Every line from the first record below down to the line that includes "生物化学实验室面向食品科学与" must be reproduced exactly; the pictures are not.

* EXERCISE MATERIAL
■ ■ ■ ■

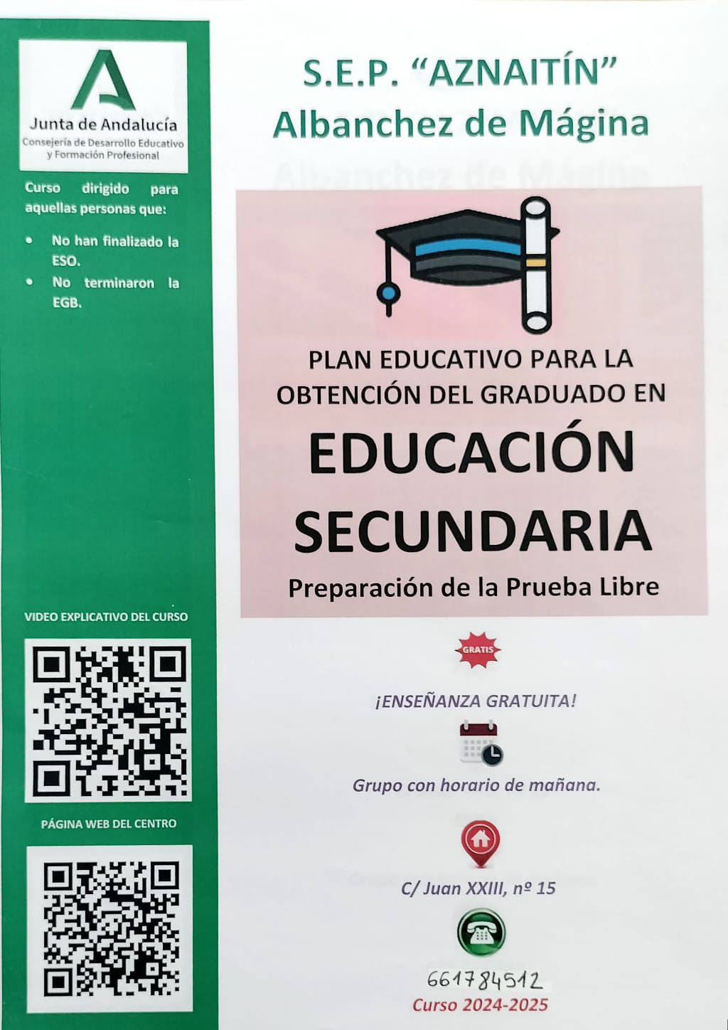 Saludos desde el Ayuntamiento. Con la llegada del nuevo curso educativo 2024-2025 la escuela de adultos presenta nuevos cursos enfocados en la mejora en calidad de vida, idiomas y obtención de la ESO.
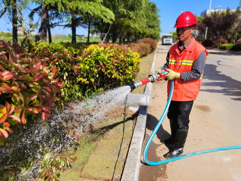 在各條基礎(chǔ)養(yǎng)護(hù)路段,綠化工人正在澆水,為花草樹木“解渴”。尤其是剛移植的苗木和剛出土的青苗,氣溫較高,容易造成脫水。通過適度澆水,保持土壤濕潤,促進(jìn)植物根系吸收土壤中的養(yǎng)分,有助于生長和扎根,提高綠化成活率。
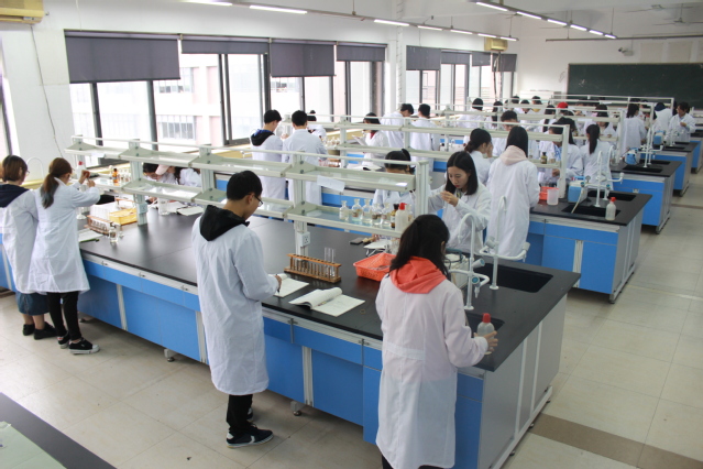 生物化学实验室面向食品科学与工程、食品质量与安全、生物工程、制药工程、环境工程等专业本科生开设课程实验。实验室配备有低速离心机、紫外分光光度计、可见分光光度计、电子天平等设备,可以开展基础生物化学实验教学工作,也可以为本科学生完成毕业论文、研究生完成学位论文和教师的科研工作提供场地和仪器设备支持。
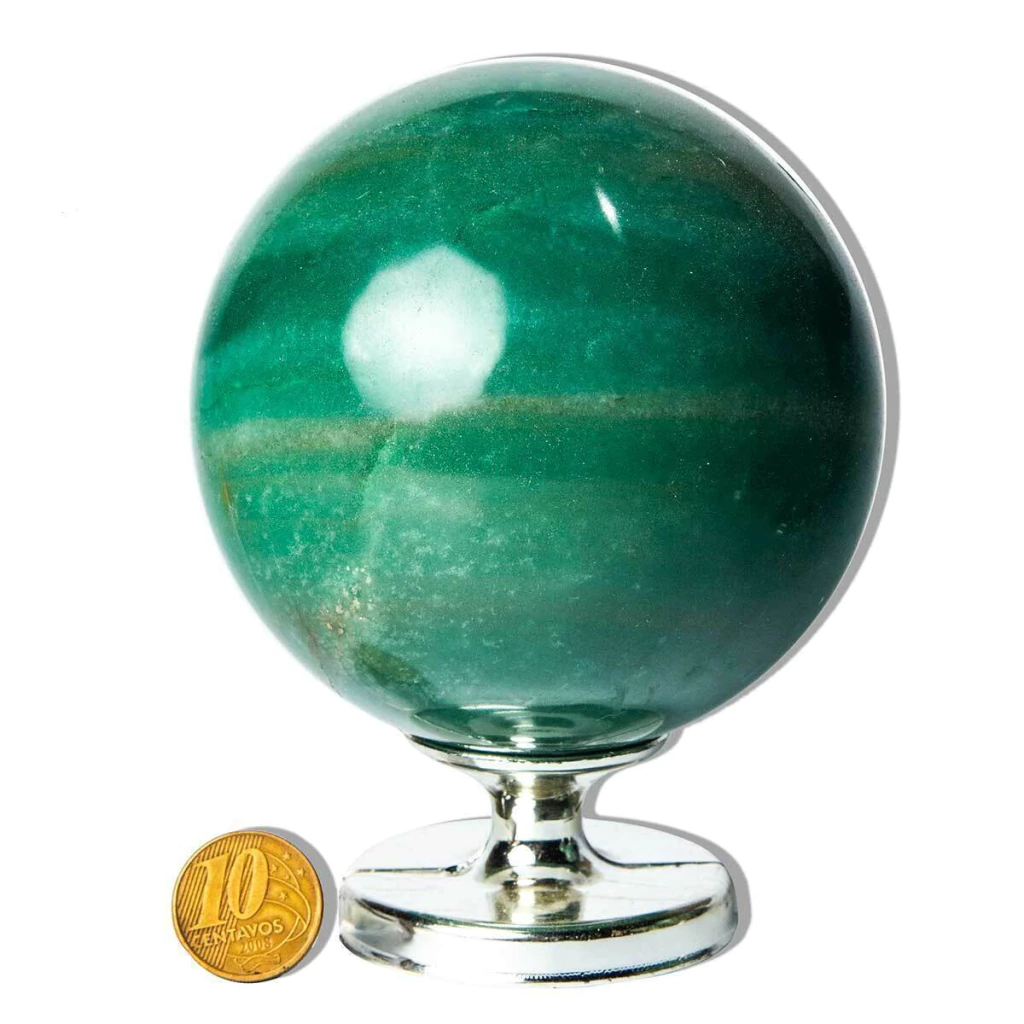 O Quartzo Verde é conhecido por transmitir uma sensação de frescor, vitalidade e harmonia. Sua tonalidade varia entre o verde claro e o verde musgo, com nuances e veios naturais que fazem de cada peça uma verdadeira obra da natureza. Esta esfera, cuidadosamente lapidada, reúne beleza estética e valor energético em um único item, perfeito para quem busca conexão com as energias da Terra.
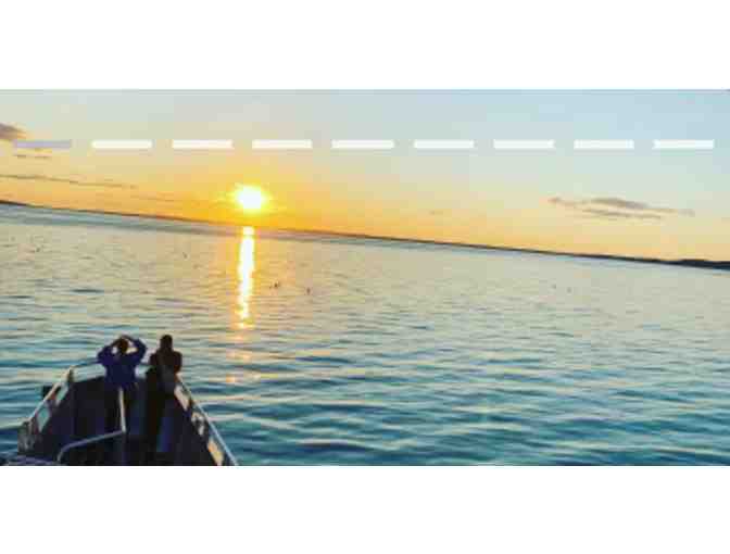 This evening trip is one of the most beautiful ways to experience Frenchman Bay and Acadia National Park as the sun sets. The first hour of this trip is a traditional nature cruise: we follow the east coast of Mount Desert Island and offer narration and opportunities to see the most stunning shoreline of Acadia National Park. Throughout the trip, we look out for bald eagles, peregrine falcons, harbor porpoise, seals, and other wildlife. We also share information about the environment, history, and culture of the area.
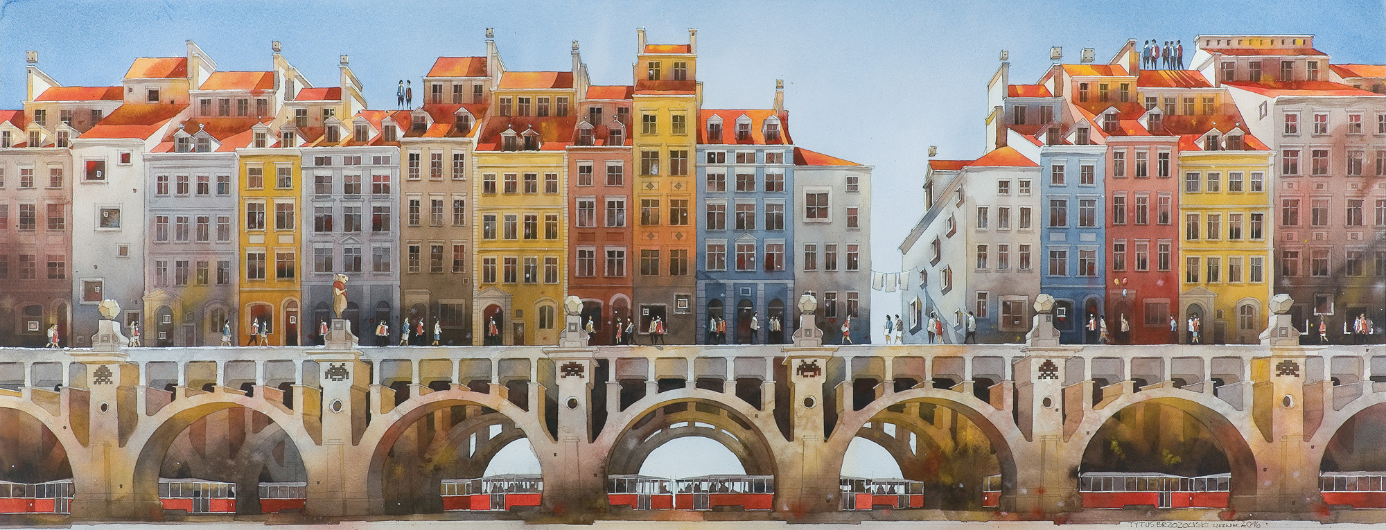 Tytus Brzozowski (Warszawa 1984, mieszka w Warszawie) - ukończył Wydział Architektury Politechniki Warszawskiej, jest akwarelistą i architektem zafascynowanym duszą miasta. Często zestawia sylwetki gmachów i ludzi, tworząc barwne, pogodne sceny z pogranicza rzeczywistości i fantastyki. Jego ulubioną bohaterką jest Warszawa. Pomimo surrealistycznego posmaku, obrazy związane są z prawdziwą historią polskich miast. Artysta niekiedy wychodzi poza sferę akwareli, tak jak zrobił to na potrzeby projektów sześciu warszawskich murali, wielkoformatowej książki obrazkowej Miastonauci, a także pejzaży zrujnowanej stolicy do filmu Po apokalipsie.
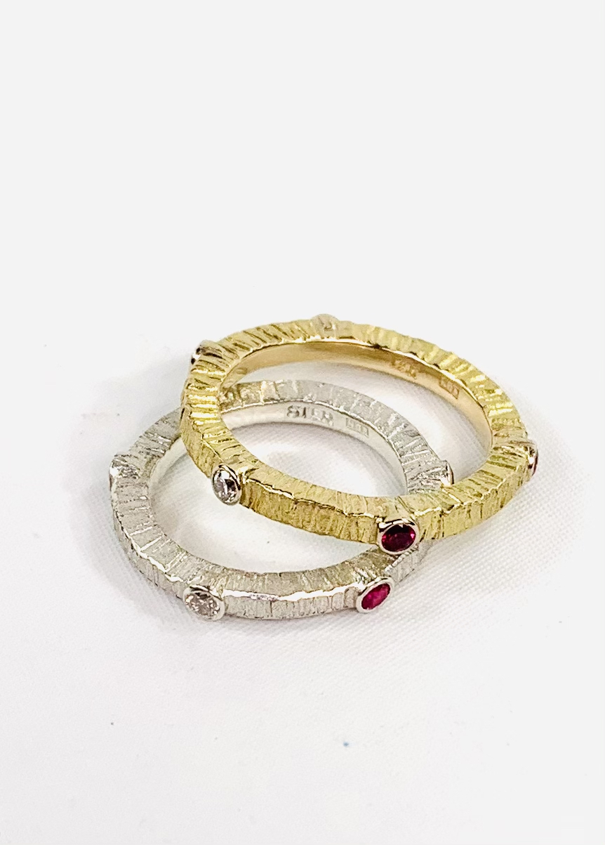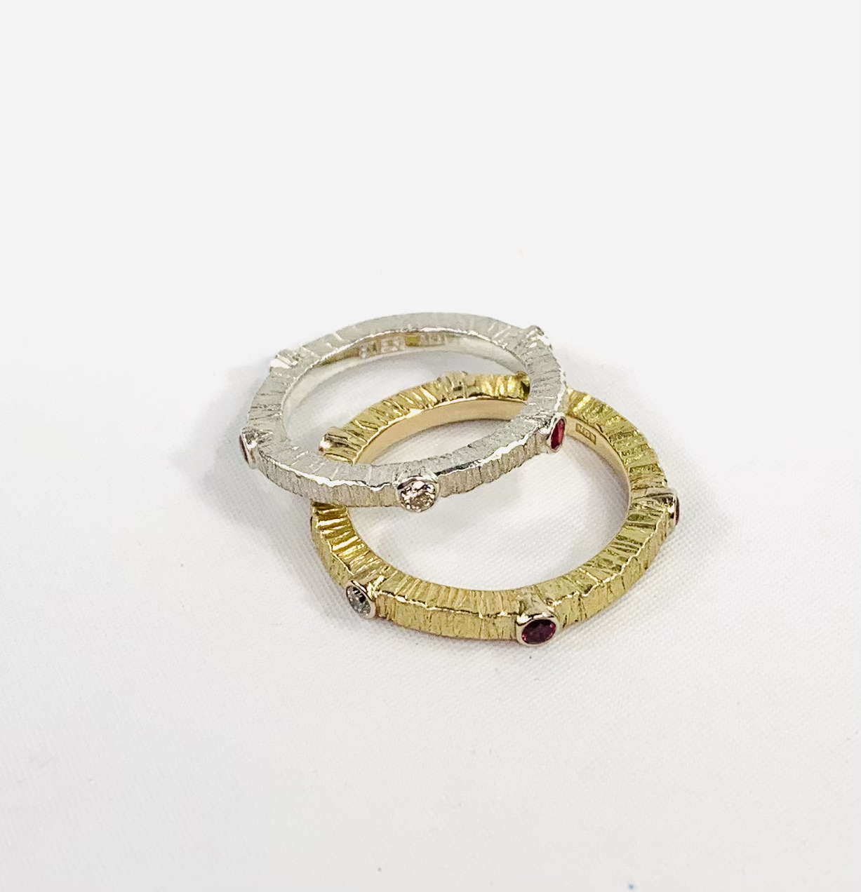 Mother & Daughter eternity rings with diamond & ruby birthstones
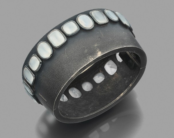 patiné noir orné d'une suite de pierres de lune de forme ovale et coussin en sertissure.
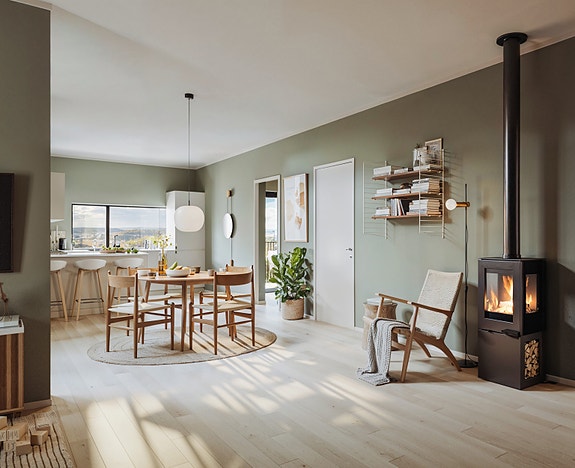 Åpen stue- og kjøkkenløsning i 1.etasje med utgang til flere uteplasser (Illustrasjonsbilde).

■ ■ ■ ■

* WRITTEN ANSWER
 Saludos desde el Ayuntamiento. Con la llegada del nuevo curso educativo 2024-2025 la escuela de adultos presenta nuevos cursos enfocados en la mejora en calidad de vida, idiomas y obtención de la ESO.
 在各條基礎(chǔ)養(yǎng)護(hù)路段,綠化工人正在澆水,為花草樹木“解渴”。尤其是剛移植的苗木和剛出土的青苗,氣溫較高,容易造成脫水。通過適度澆水,保持土壤濕潤,促進(jìn)植物根系吸收土壤中的養(yǎng)分,有助于生長和扎根,提高綠化成活率。
 生物化学实验室面向食品科学与工程、食品质量与安全、生物工程、制药工程、环境工程等专业本科生开设课程实验。实验室配备有低速离心机、紫外分光光度计、可见分光光度计、电子天平等设备,可以开展基础生物化学实验教学工作,也可以为本科学生完成毕业论文、研究生完成学位论文和教师的科研工作提供场地和仪器设备支持。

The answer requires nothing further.